> **DATA TO USE**
.....

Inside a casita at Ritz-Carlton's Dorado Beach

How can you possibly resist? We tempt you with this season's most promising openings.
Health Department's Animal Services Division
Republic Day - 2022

.....

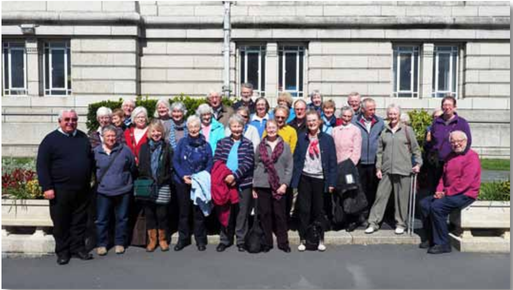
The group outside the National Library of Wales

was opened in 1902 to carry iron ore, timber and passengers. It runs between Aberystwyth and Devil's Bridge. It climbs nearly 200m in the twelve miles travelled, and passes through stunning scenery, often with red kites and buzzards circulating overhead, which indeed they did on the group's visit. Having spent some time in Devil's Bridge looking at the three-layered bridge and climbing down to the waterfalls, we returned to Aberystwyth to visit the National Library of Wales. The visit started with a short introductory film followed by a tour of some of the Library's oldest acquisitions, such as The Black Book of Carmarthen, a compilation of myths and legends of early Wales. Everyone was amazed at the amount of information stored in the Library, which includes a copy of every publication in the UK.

.....

> **WORK TO COMPLETE**
Return the number of lines in the records holding the string "Wales", without any other words.

> **RESPONSE AREA**
2